= WHAT THE EXERCISE ASKS =
Give again exactly the lines that run from the start of the records to the line holding "Clear Studios Kuchenplatte", both ends counted. Do not include the pictures.

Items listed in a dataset
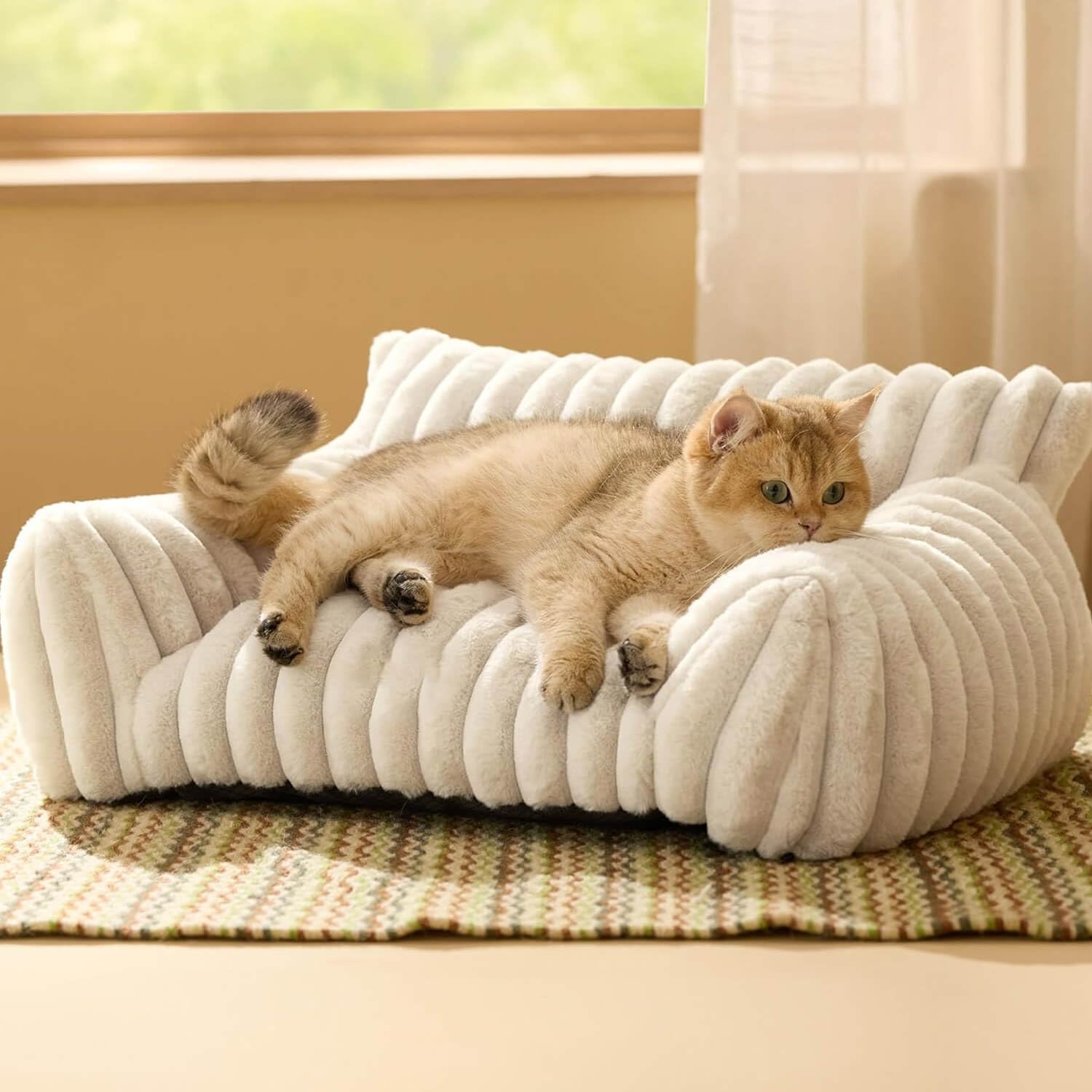✔ تصميم قابل للغسل في الغسالة يجعل تنظيف كنبة القطط المخملية المموجة هذه أمرًا سهلًا.
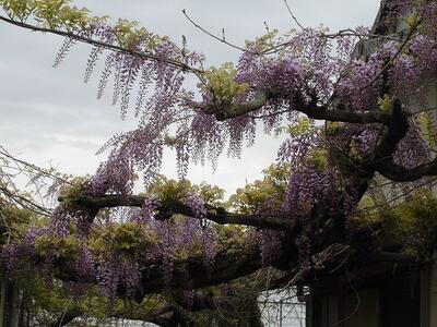 朝からいつ降ってもおかしくないような雲行きでしたが、畜産棟の藤の花が風にゆれていました。
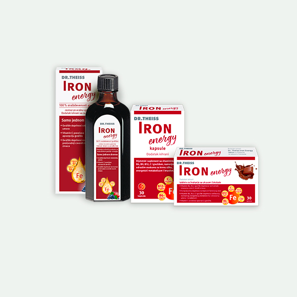 “Ojačaj svoj dan! Dr. Theiss Iron Energy kapsule – svakodnevna doza gvožđa i vitamina za jačanje imuniteta i krvne slike!”
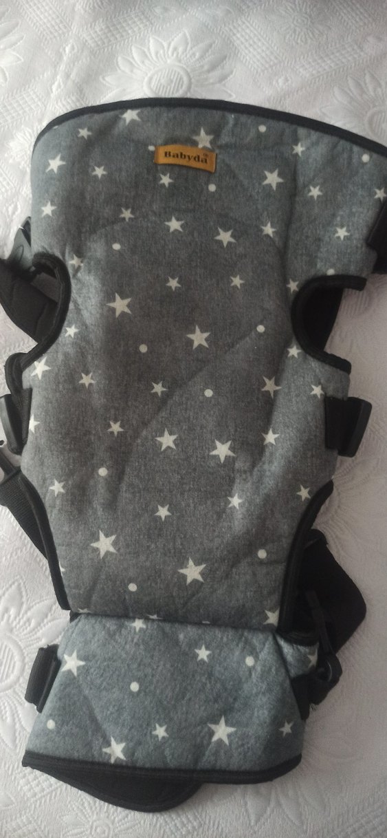 Ayarlanabilir askılı, yıldız desenli gri bebek kanguru. Babyda markalı, rahat kumaşlı taşıma aparatı.
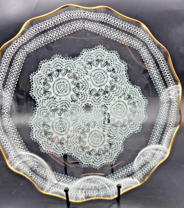 Clear Studios Kuchenplatte weiße Spitze mit Gold gewelltem Rand 10 1/2" Durchmesser
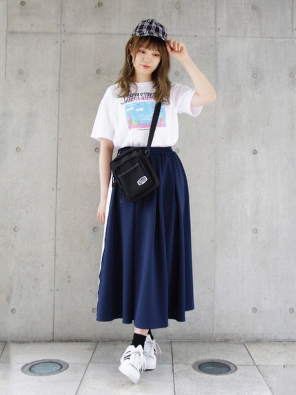 90sな雰囲気の漂うテレビゲームのグラフィックがプリントされたTシャツを主役に ジャージスカート+ショルダーバッグを合わせた アウトドアシーズンにおすすめのスポーティスタイル。
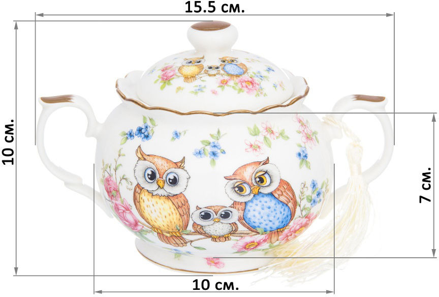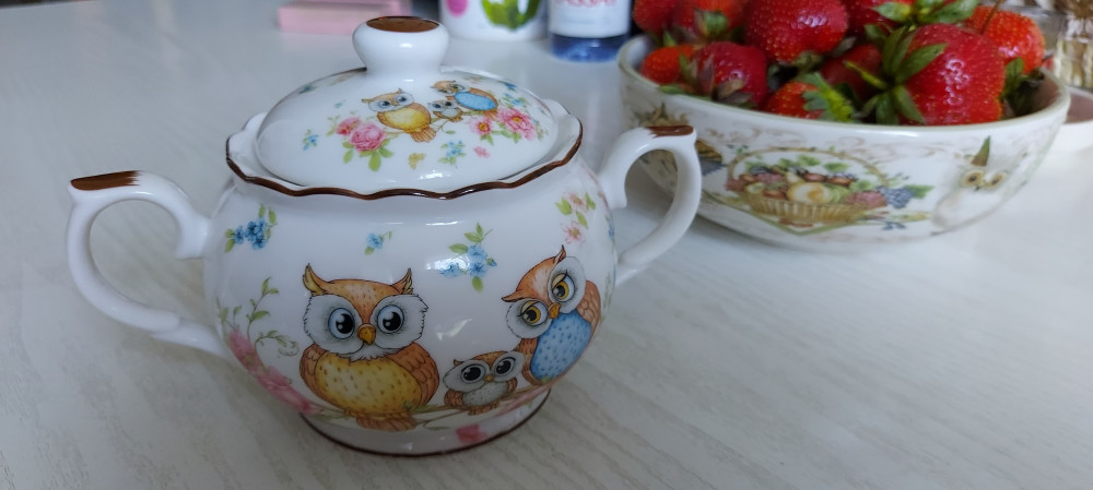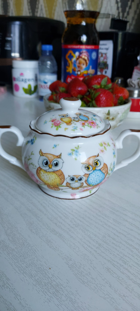 Решила собрать коллекцию, это мой второй заказ из серии «Совушки». Первый был бокал для чая на 350 мл. Оказался удобным, устойчивым и не блеклая расцветка красок, не изменилась даже после нескольких раз мытья в посудомойке. После этого и заказала сахарницу. Не громоздкая, хорошо вписалась в интерьер вещей на столе. Не хватает пары, поэтому в следующем заказе возьму салфетницу.
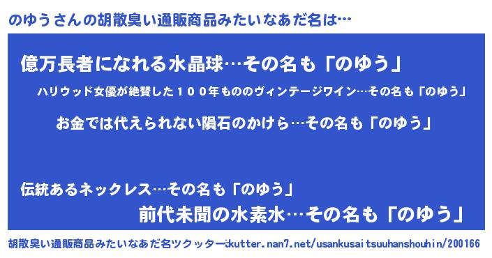 | ヘコむあだ名 | 『のゆもー』『のゆう(笑)』『つくし』 |
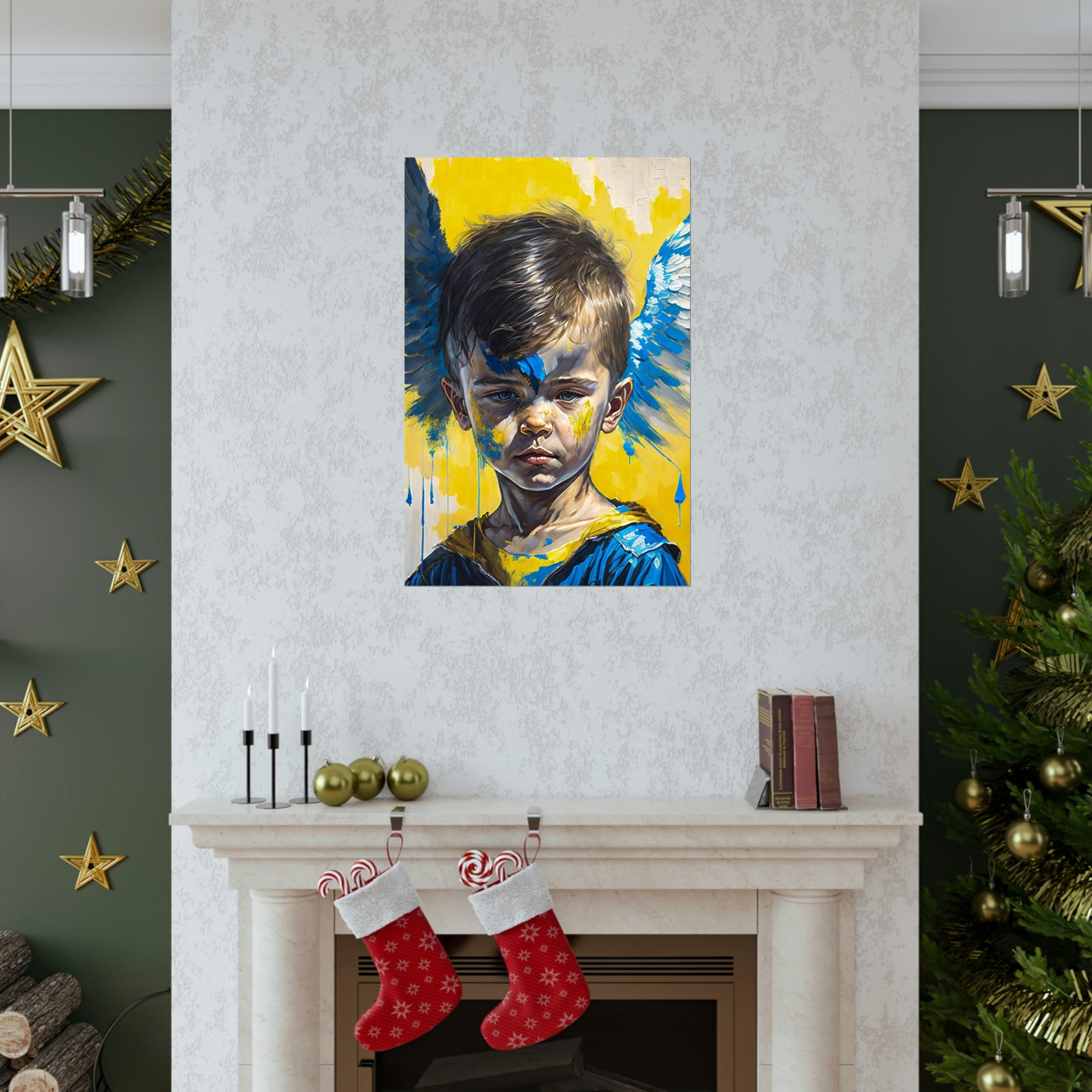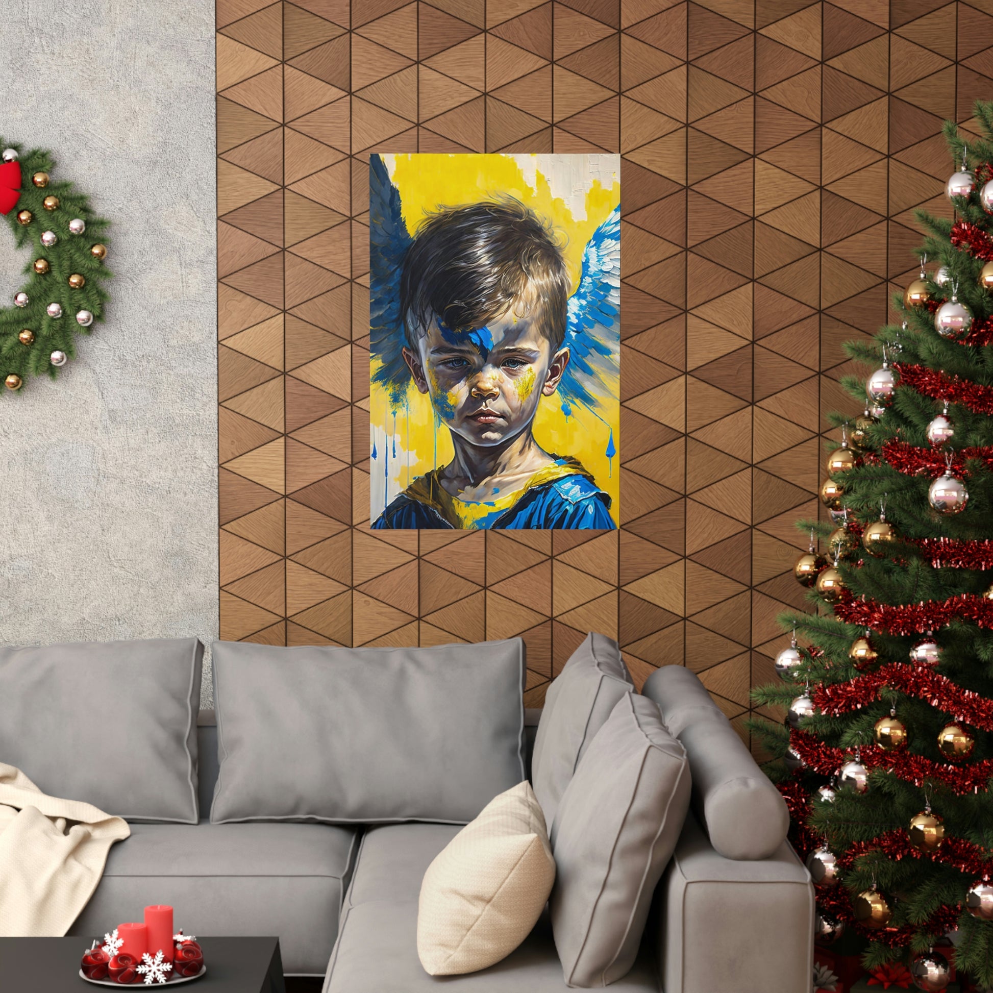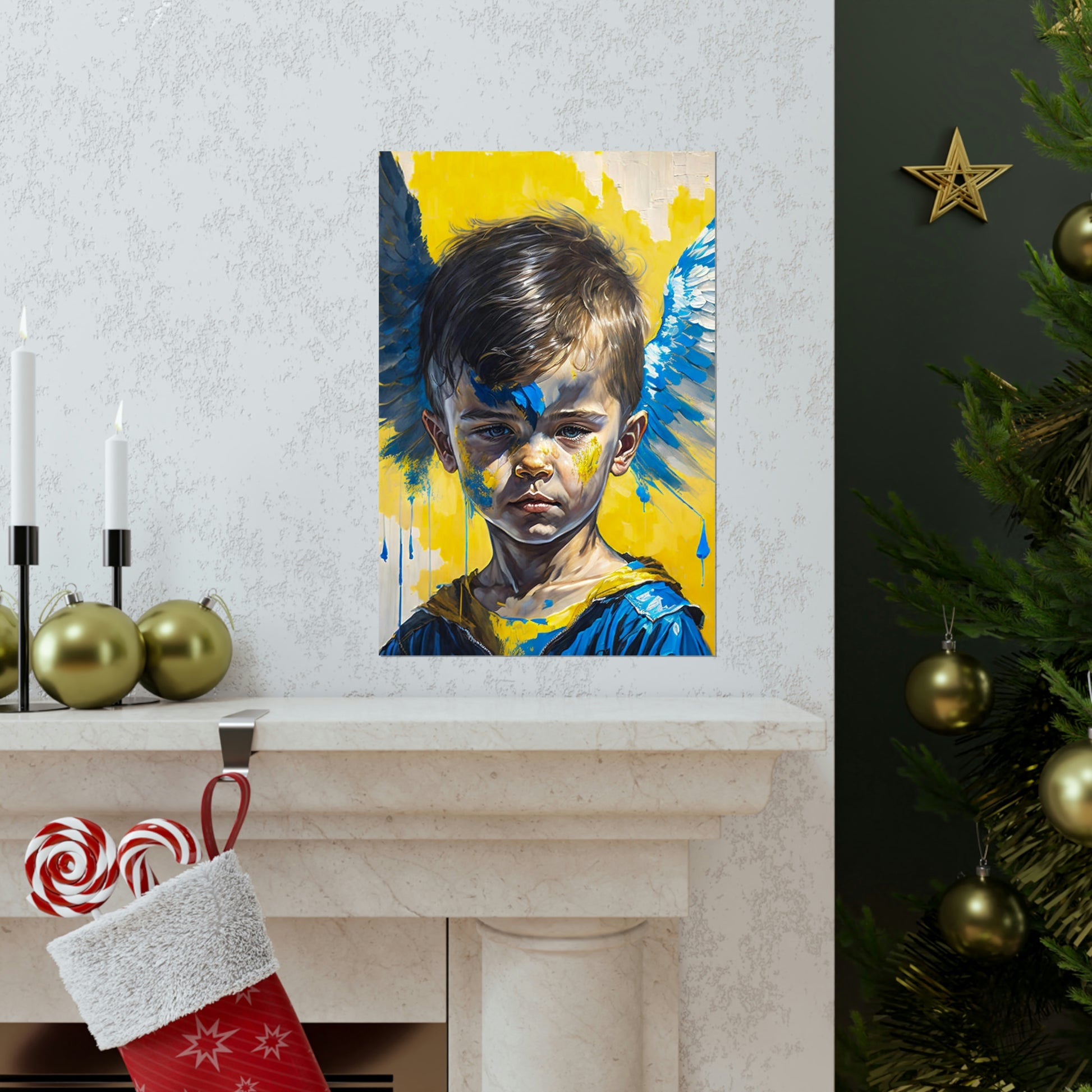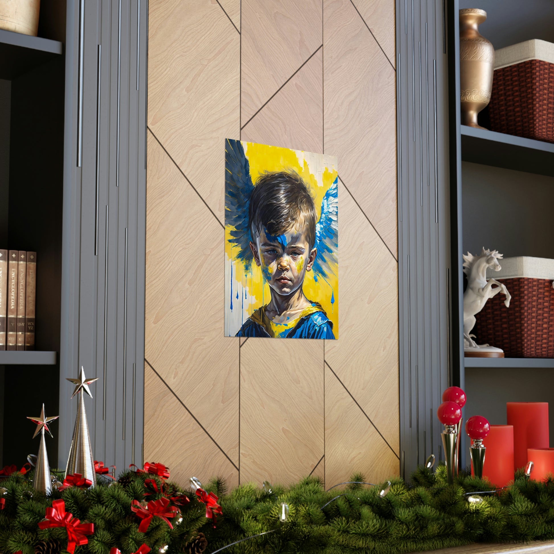 Premium matte vertical poster print out of an acryl painting of an Ukrainian victim of war child with angel wings.

= RESPONSE TO THE EXERCISE =
✔ تصميم قابل للغسل في الغسالة يجعل تنظيف كنبة القطط المخملية المموجة هذه أمرًا سهلًا.
 朝からいつ降ってもおかしくないような雲行きでしたが、畜産棟の藤の花が風にゆれていました。
 “Ojačaj svoj dan! Dr. Theiss Iron Energy kapsule – svakodnevna doza gvožđa i vitamina za jačanje imuniteta i krvne slike!”
 Ayarlanabilir askılı, yıldız desenli gri bebek kanguru. Babyda markalı, rahat kumaşlı taşıma aparatı.
 Clear Studios Kuchenplatte weiße Spitze mit Gold gewelltem Rand 10 1/2" Durchmesser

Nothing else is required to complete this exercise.